=== WORK INSTRUCTIONS ===
Output each entry verbatim. Leave the images out.

[Collected data]
*** Begin section ***
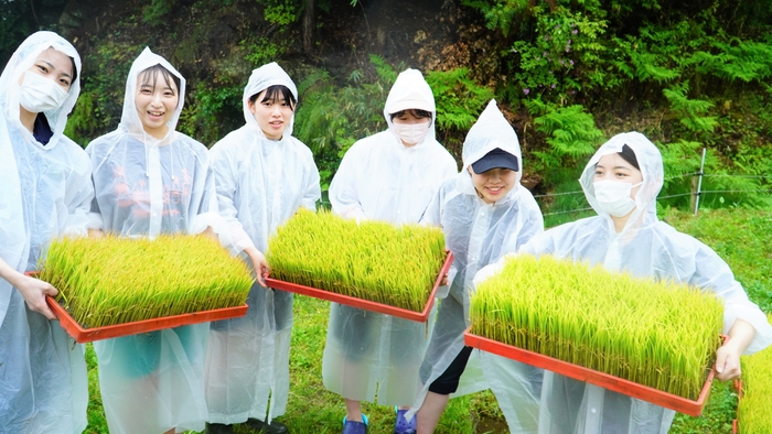 大阪国際大学(大阪府守口市、学長:宮本郁夫)では、ボランティア学生たちが日本の心の原風景が今に残る京都府唯一の村である南山城村において、五感を磨く田植え体験をしました。機械化で効率重視される現代において、大自然の中で泥に素足で入り、腰を曲げて手で植えるという体験は、「苗が丈夫に育って欲しい」という食の大切さの気持ちが湧くだけでなく、食料問題が山積する現代において、食の源流から現代の食文化を見つめ直す貴重な機会でした。
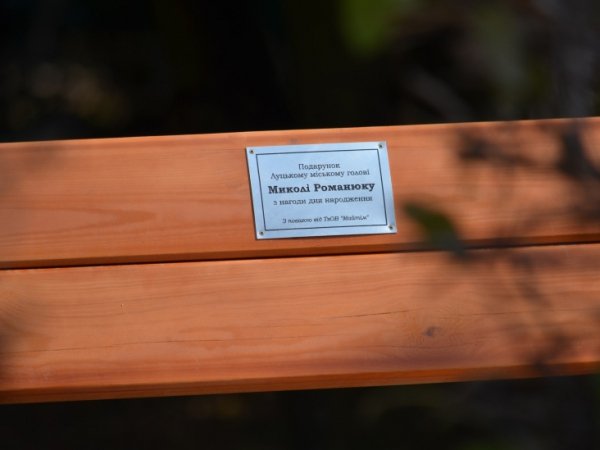 Лавочки іменні – на кожній вмонтована табличка на якій зазначено: «Подарунок Луцькому міському голові Миколі Романюку з днем народження. З повагою ТЗоВ «Майтім».
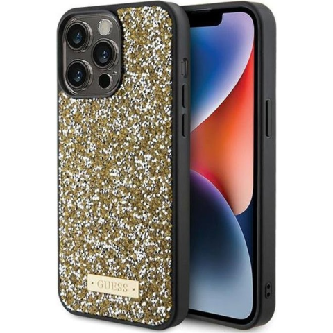 1 kép Guess GUHCP15LPFGSBSD iPhone 15 Pro 6.1" Sárga Keménytok Strasszos Fém Logóval (GUE003116)
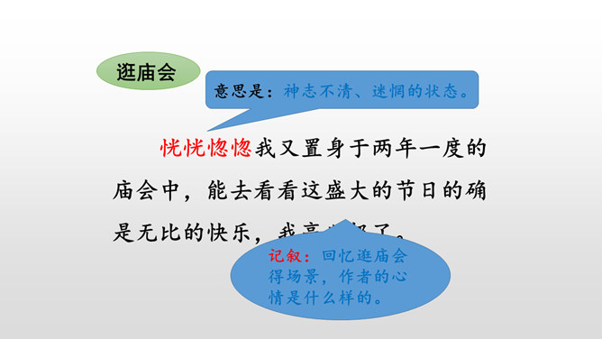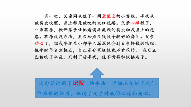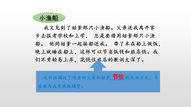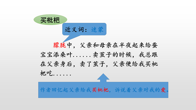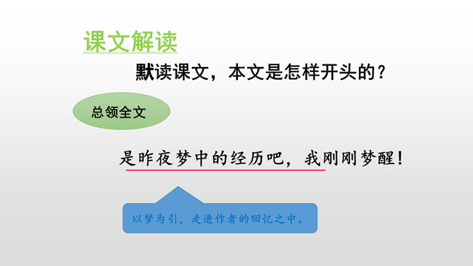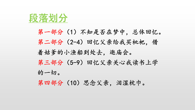 课文描述了父亲对作者无微不至的爱,作者以梦境作为开头回忆往事,作者又是以从梦境中醒来枕边一片湿作结尾,感悟父爱深沉。默读课文,说说在“我”的梦中出现了哪些难忘的场景,哪个场景给你的印象最深。第一部分(1)不知是否在梦中,总体回忆。第二部分(2-4)回忆父亲给我买枇杷,借着姑爹的小渔船到处去,逛庙会。第三部分(5-9)回忆父亲关心我读书上学的一切。第四部分(10)思念父亲,泪湿枕巾。所属专题:父爱之舟ppt。
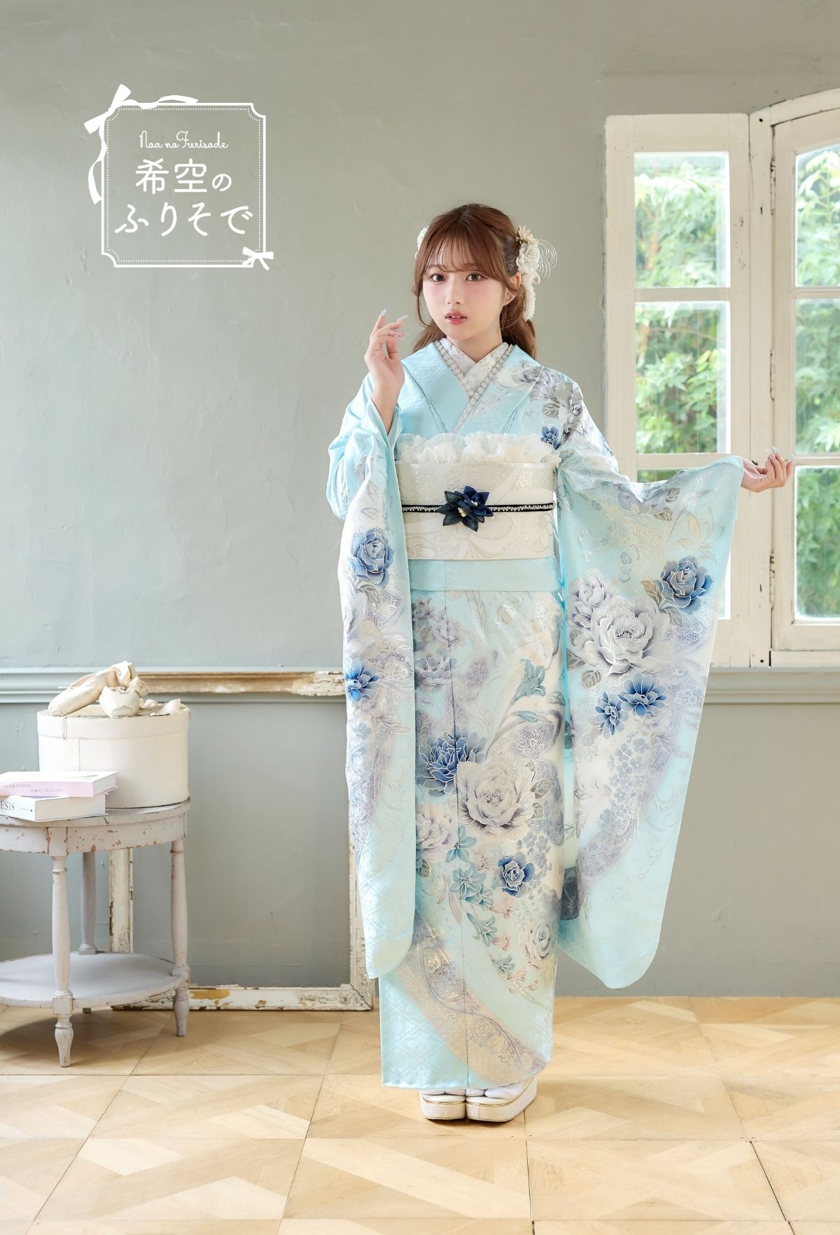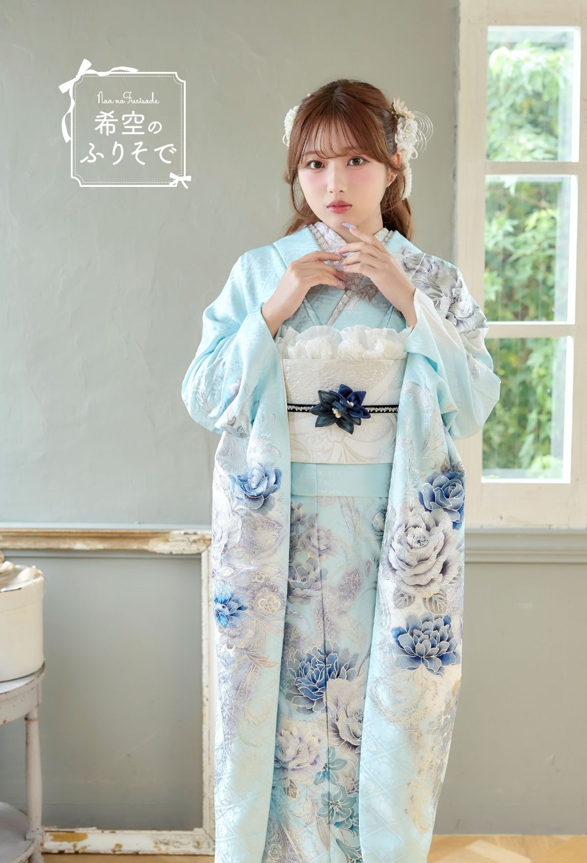 淡く甘いパステルカラーの振袖。小物が華やかさを際立てます
*** End section ***
=== REPLY ===
 大阪国際大学(大阪府守口市、学長:宮本郁夫)では、ボランティア学生たちが日本の心の原風景が今に残る京都府唯一の村である南山城村において、五感を磨く田植え体験をしました。機械化で効率重視される現代において、大自然の中で泥に素足で入り、腰を曲げて手で植えるという体験は、「苗が丈夫に育って欲しい」という食の大切さの気持ちが湧くだけでなく、食料問題が山積する現代において、食の源流から現代の食文化を見つめ直す貴重な機会でした。
 Лавочки іменні – на кожній вмонтована табличка на якій зазначено: «Подарунок Луцькому міському голові Миколі Романюку з днем народження. З повагою ТЗоВ «Майтім».
 1 kép Guess GUHCP15LPFGSBSD iPhone 15 Pro 6.1" Sárga Keménytok Strasszos Fém Logóval (GUE003116)
 课文描述了父亲对作者无微不至的爱,作者以梦境作为开头回忆往事,作者又是以从梦境中醒来枕边一片湿作结尾,感悟父爱深沉。默读课文,说说在“我”的梦中出现了哪些难忘的场景,哪个场景给你的印象最深。第一部分(1)不知是否在梦中,总体回忆。第二部分(2-4)回忆父亲给我买枇杷,借着姑爹的小渔船到处去,逛庙会。第三部分(5-9)回忆父亲关心我读书上学的一切。第四部分(10)思念父亲,泪湿枕巾。所属专题:父爱之舟ppt。
 淡く甘いパステルカラーの振袖。小物が華やかさを際立てます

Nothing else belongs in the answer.